A YugaLabs builds everything in Apecoin regardless of what layers. Let’s don’t confuse layers with chains, again.
AIP-378: ApeChain Bid // ApeChain Developed with Arbitrum Technology with Growth Led by Horizen Labs
great feedback/ questions. were these questions answered?
Nope. Still unanswered, both in the forum and on Twitter.
Arbitrum was down and was not usable during the recent ordinal spamming attack on Dec 16th . Gas fees became very high during this period. Could you please give us some clarity on this and what measure have been taken to prevent another such event
As Apechain will be built with especially gaming in mind such outages can effect adversely to users
Can we get a view of the estimated three year costs, given once the three years is up it’ll be over to the DAO? Obviously an important point is the revenue model - which we can use to help calculate the breakeven point in terms of making the chain self funding.
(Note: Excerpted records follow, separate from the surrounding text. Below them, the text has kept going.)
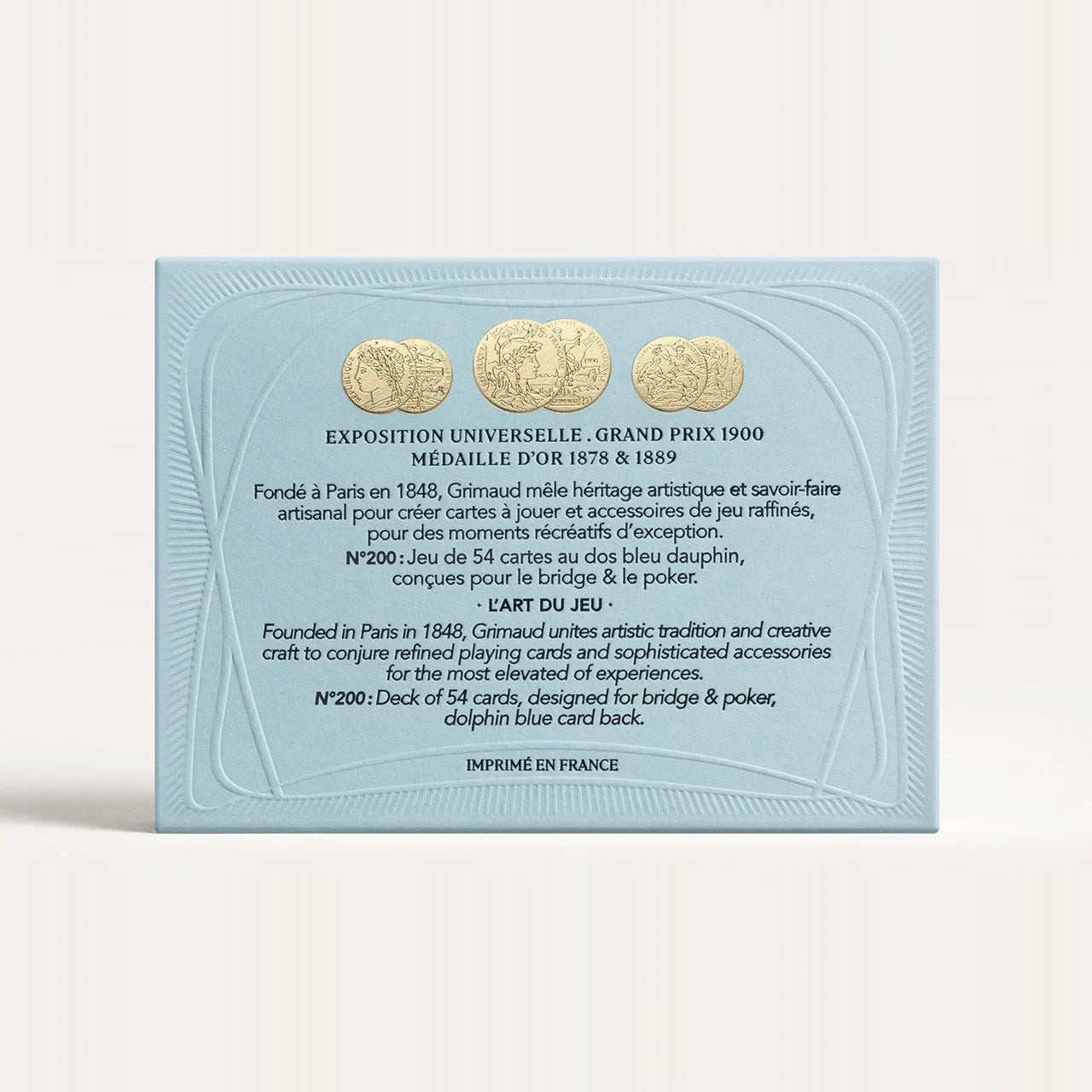 All Grimaud cards feature the statement gold gilded corners introduced by Baptiste Paul Grimaud, who not only pioneered rounded corners but also added gilding to make the cards more resilient to drops and crimping.
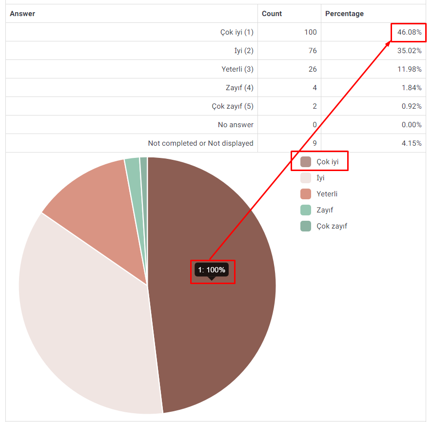| Description | Hi, On statictics page the system shows % (percentage) sign wronly. Please check attached picture. Normally it should show only 1: 100 but it shows as 1: 100%. The number 100 is count of the answers but it shows like it is percentage. | ||||
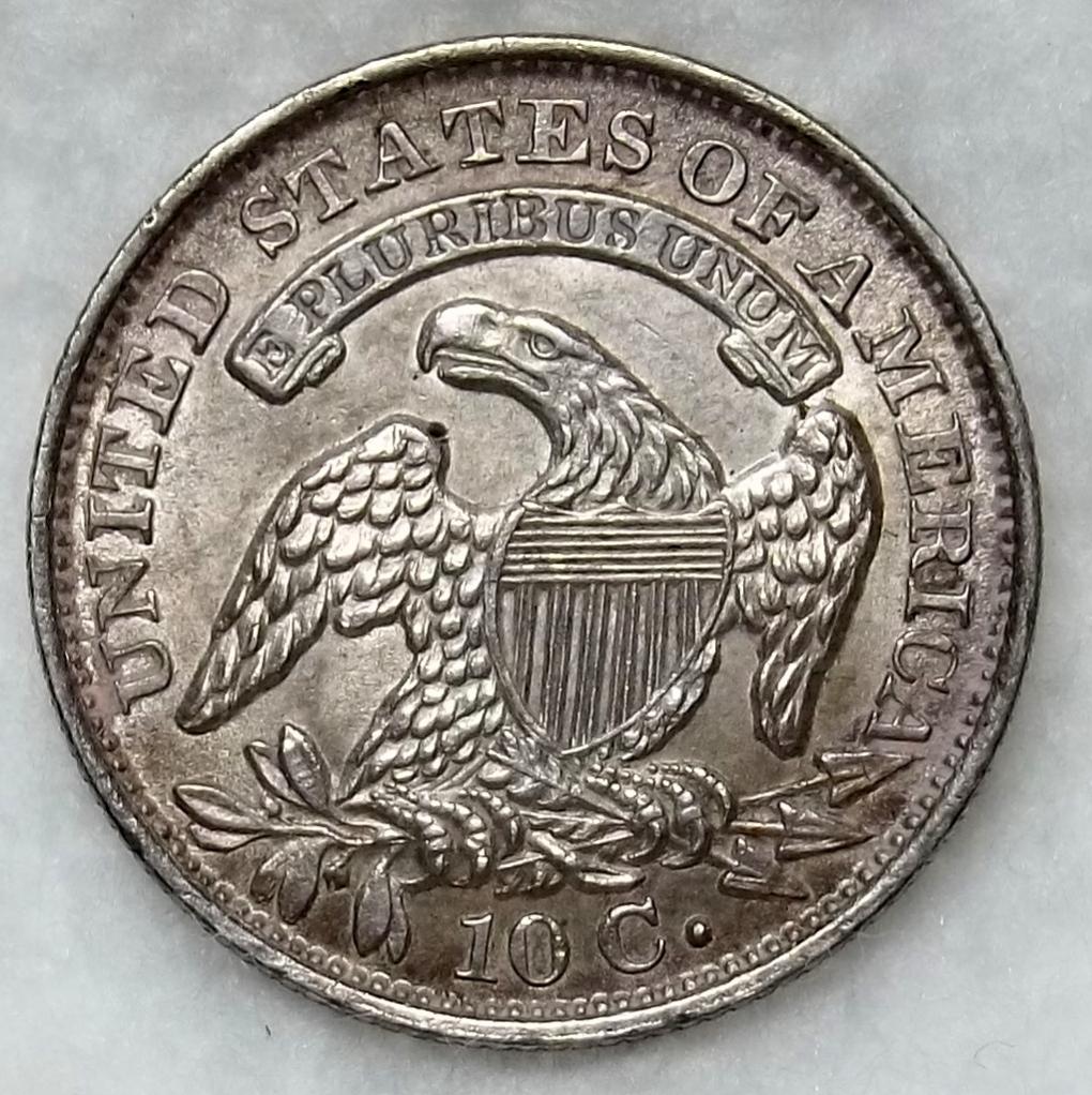 The weight and diameter are correct, so I've no misgivings about the coin's originality. The seller is an attorney ... for what that's worth. Now I need to find a quarter to match (in terms of grade). I have the half dollar and half dime, and now the dime. There are 2 different diameters of capped bust dimes, and now I'm wondering about the size of the opening in the Dansco....though this coin may not go into that album and be subjected to scratches from the acetate slide. Nightowl
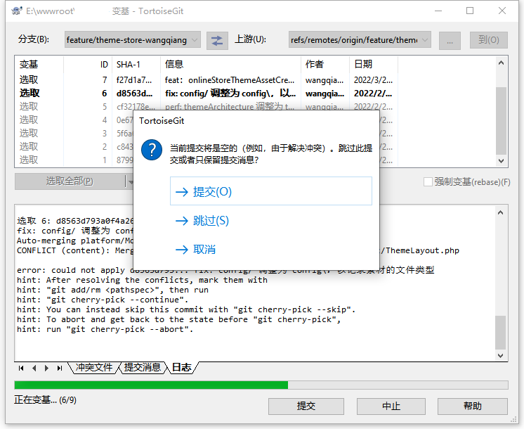 16、当前提交将是空的 (例如,由于解决冲突)。跳过此提交或者只保留提交消息?选择提交。如图9
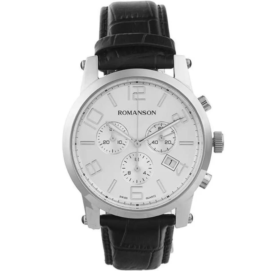 ساعت مچی مردانه رومانسون ROMANSON با طراحی اسپرت بند چرمی مشکی و قاب گرد استیل و صفحه نقره ای و موتور سوییسی با انرژی باطری و قابلیت داشتن شب نما / تقویم / کرنوگراف و مقاوم در برابر آب تا عمق 30 متر به همراه دو سال گارانتی بین المللی
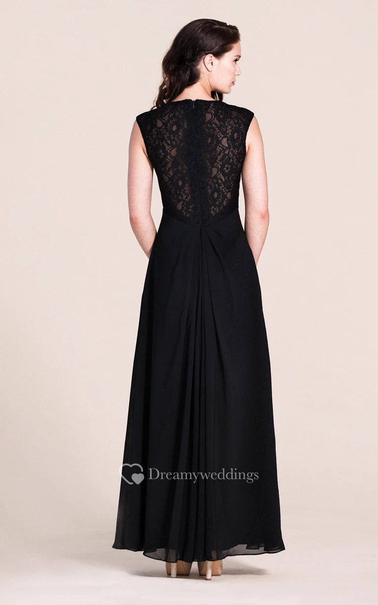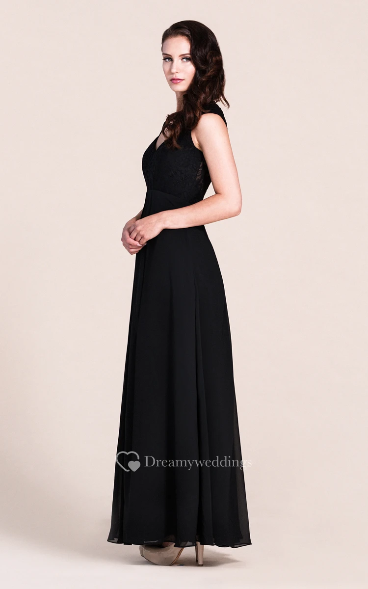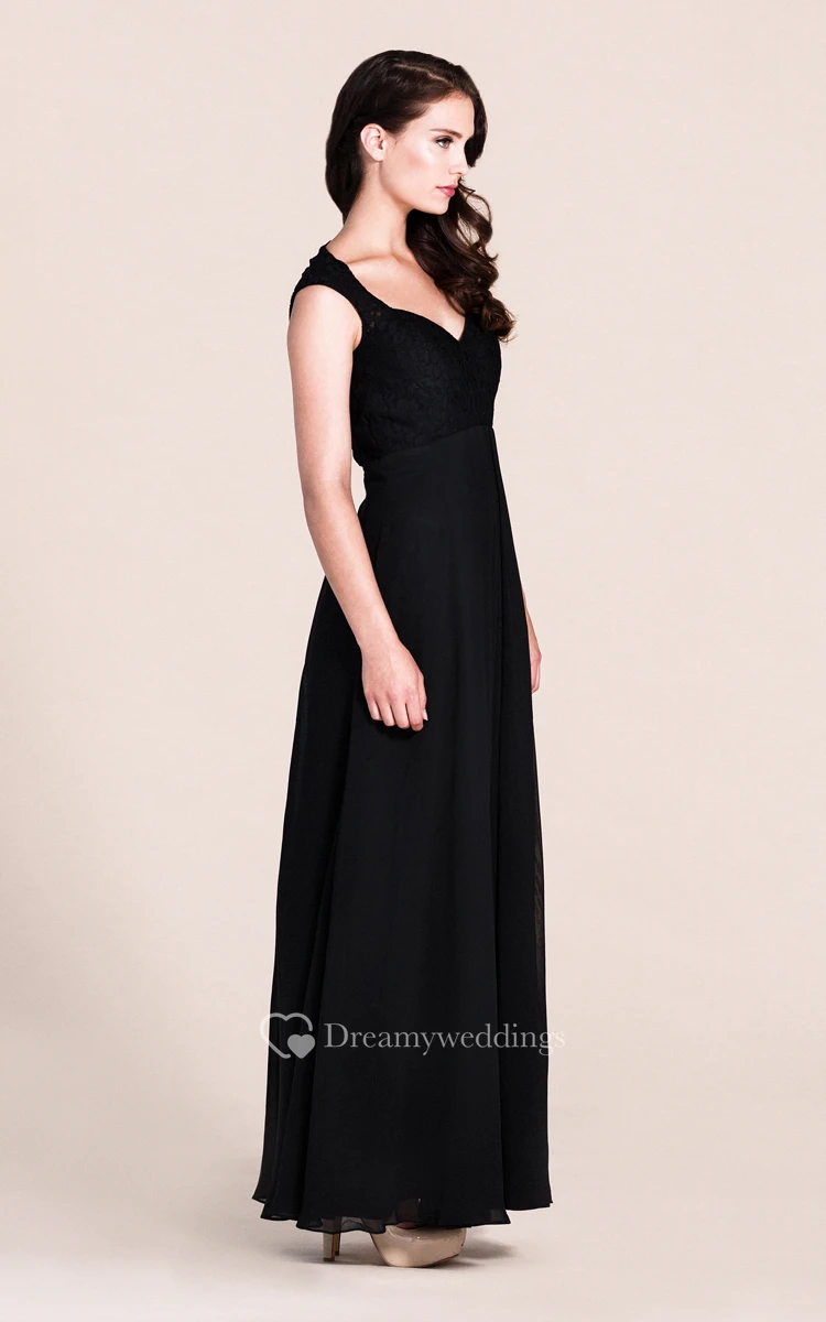 Cap-sleeved A-line Gown With Lace Bodice

Without this info it will be difficult to approve even if the first three years are covered.
Regarding the security council I would love to see inclusion from an element of the Boring Security team, who are a community team funded by Apecoin with some of the brightest minds in the space. At the moment 4 of the 6 roles come from the same teams.
Please clarify if this would be a L2 or L3.
I find it very concerning that this is not clearly outlined in the AIP and would ask you to adapt that.
From my understanding you are suggesting a L3 on top of Arbitrum.
From my understanding this would mean that there is no direct bridge from ETH Mainnet to ApeChain.
Meaning a user would need to swap ETH to APE (if used as native gas token), then bridge from ETH to ARB, then bridge a 2nd time from ARB to ApeChain.
If true, please explain why you did not propose a L2 in the first place?
I heard a L2 comes with a very strict licensing agreement. Please expand further on this.
Great comment, for some reason no one had thought about it before, it’s really very important.
Initially, it’s not a bad idea to slowly move away from ETH, because there is a bull market ahead and very high gas for all transactions.
Smells L3 for me if they want to use Apecoin for gas and that will make it more vulnerable in some cases.
Hi ApeCoin DAO Community,
Our team has reviewed and discussed @ninarong 's AIP Draft and have sent a list of initial questions. We await answers.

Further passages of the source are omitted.